How to concatenate dataframes

Solved!
LaurentS
Level 3
How to concatenate dataframes

Hello, say I have 2 separate dataframes (df) but with similar features (or columns if you prefer) as follow: col1 : name, col2: phone, col3 : price

df1 has 100 rows

df2 has 50 rows

I want to concatenate these 2 dataframes into 1 unique that would hence create a dataframe of 150 rows

In python, this is done through simple codes: for examples : 

dfAll = [df1, df2]
frame = pd.concat(dfAll)

How to do this in DSS.  I do not see any way to concatenate files, though there are different possibilities to join (which is a bit different)

 

Thanks

0 Kudos
1 Solution
AlexandreL
Dataiker

Hi, 

You can use a stack recipe to concatenate two or more datasets vertically.
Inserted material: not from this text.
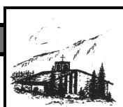
Heilig Geist Oberjoch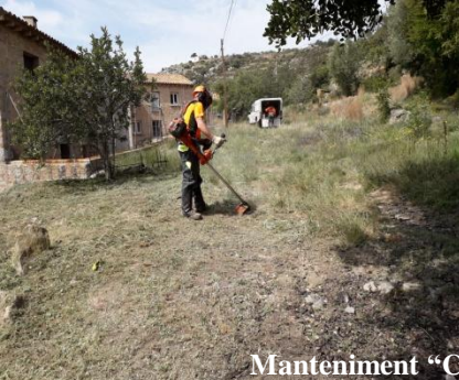
Manteniment "Camí dels Peregrins"

Please refer to this article for  more information on how to use it:

 https://knowledge.dataiku.com/latest/courses/visual-recipes/stack.html

Best regards,

Alexandre

View solution in original post

4 Replies
AlexandreL
Dataiker

Hi, 

You can use a stack recipe to concatenate two or more datasets vertically. Please refer to this article for  more information on how to use it:

 https://knowledge.dataiku.com/latest/courses/visual-recipes/stack.html

Best regards,

Alexandre

ss
Level 1

I think stack option does not work when we want to concatenate two dataframes horizontally having different columns names. The union option can achieve this purpose but then it generates empty cells. 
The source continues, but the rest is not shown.